2 files changed, 12 insertions, 8 deletions

diff --git a/src/script/api/qscriptengine.cpp b/src/script/api/qscriptengine.cpp
index 78bbf5f855..b27d1be33c 100644
--- a/src/script/api/qscriptengine.cpp
+++ b/src/script/api/qscriptengine.cpp
@@ -2353,23 +2353,25 @@ JSC::CallFrame *QScriptEnginePrivate::pushContext(JSC::CallFrame *exec, JSC::JSV
     //build a frame
     JSC::CallFrame *newCallFrame = exec;
     if (callee == 0 //called from  public QScriptEngine::pushContext
-        || exec->returnPC() == 0 || (contextFlags(exec) & NativeContext)  //called from native-native call
+        || exec->returnPC() == 0 || (contextFlags(exec) & NativeContext) //called from native-native call
         || (exec->codeBlock() && exec->callee() != callee)) { //the interpreter did not build a frame for us.
         //We need to check if the Interpreter might have already created a frame for function called from JS.
         JSC::Interpreter *interp = exec->interpreter();
         JSC::Register *oldEnd = interp->registerFile().end();
         int argc = args.size() + 1; //add "this"
         JSC::Register *newEnd = oldEnd + argc + JSC::RegisterFile::CallFrameHeaderSize;
-        if (!interp->registerFile().grow(newEnd))
+        //Without + argc + JSC::RegisterFile::CallFrameHeaderSize, it crashes.
+        //It seems that JSC is not consistant with the way the callframe is crated
+        if (!interp->registerFile().grow(newEnd + argc + JSC::RegisterFile::CallFrameHeaderSize))
             return 0; //### Stack overflow
-        newCallFrame = JSC::CallFrame::create(oldEnd);
+        newCallFrame = JSC::CallFrame::create(newEnd);
         newCallFrame[0] = thisObject;
         int dst = 0;
         JSC::ArgList::const_iterator it;
         for (it = args.begin(); it != args.end(); ++it)

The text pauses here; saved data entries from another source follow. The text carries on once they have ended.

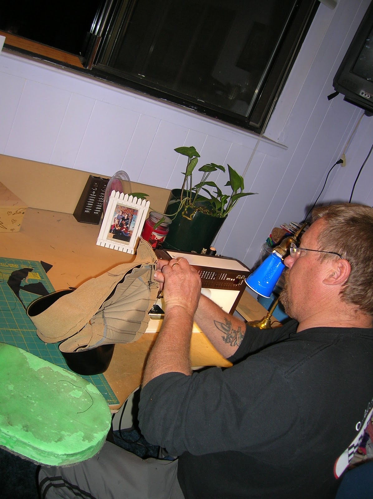 cody fabbed up some 10 3/4 rigid shocks (actually struts). We got the idea from the some dude on the internet. Removed the springs, drilled a hole to drain the fluid, steel-wooled them and cleaned with carb cleaner. then we welded the rod to body of the shock. painted the springs black and put them back on by welding it to the outside of the shock. The honda chopper is changing a little too. Cody is making a different seat so the lady can ride too. He shaped the metal himself and bought the padding (yoga mats that are the exact same thing as motorcycle seat padding but way cheaper!). Stitching for leather by Ma Brouwers. he also added some chimp bars.
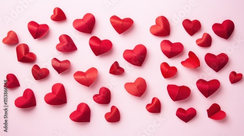 Scattered red paper hearts on pink background.
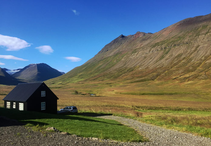 In serata raggiungiamo la bohemienne Seydisfjordur, con le sue casette di legno colorate risalenti all’Ottocento, importate prefabbricate dalla Norvegia, il suo bel lago dove si affacciano e riflettono le abitazioni colorate e le montagne innevate, e Blaa Kirkjan, la Chiesa Blu: passeggiando per le sue stradine artistiche, l’impressione è quella di trovarsi su un set cinematografico, con punte surreali per l’estate di comignoli da cui esce il fumo caldo di caminetti accesi.
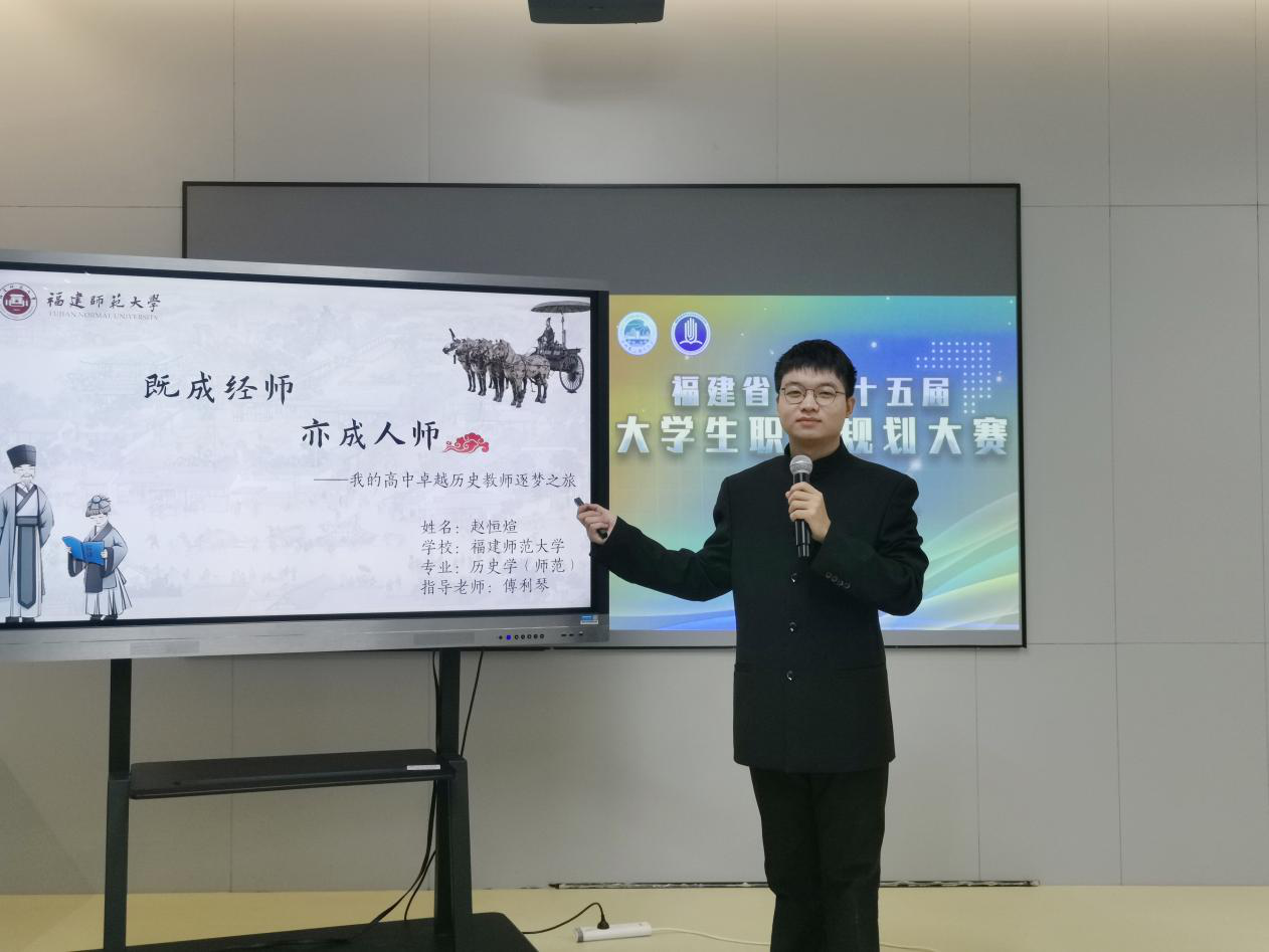 近日,由省教育厅主办的第十五届福建省大学生职业规划大赛决赛落下帷幕。经过激烈角逐,我校社会历史学院赵恒煊同学《既成经师亦成人师》(指导老师:傅利琴)获本科组一等奖,传播学院周涵同学《声声不息周容涵养》(指导老师:纪增长)获本科组二等奖。社会历史学院傅利琴老师获“优秀指导教师”称号,学校获“优秀组织奖”。据悉,本次大赛全省共有85所高校、159位同学参赛,经专家网评,70位同学进入决赛。(校团委)

             newCallFrame[++dst] = *it;
         newCallFrame += argc + JSC::RegisterFile::CallFrameHeaderSize;
-        newCallFrame->init(0, /*vPC=*/0, exec->scopeChain(), exec, flags, argc, callee);
+        newCallFrame->init(0, /*vPC=*/0, exec->scopeChain(), exec, flags | ShouldRestoreCallFrame, argc, callee);
     } else {
         setContextFlags(newCallFrame, flags);
 #if ENABLE(JIT)
@@ -2411,18 +2413,19 @@ void QScriptEngine::popContext()
  */
 void QScriptEnginePrivate::popContext()
 {
-    bool hasScope = contextFlags(currentFrame) & HasScopeContext;
-    if (currentFrame->returnPC() == 0) { //normal case
+    uint flags = contextFlags(currentFrame);
+    bool hasScope = flags & HasScopeContext;
+    if (flags & ShouldRestoreCallFrame) { //normal case
         JSC::RegisterFile &registerFile = currentFrame->interpreter()->registerFile();
         JSC::Register *const newEnd = currentFrame->registers() - JSC::RegisterFile::CallFrameHeaderSize - currentFrame->argumentCount();
         if (hasScope)
             currentFrame->scopeChain()->pop()->deref();
-        currentFrame = currentFrame->callerFrame();
         registerFile.shrink(newEnd);
     } else if(hasScope) { //the stack frame was created by the Interpreter, we don't need to rewind it.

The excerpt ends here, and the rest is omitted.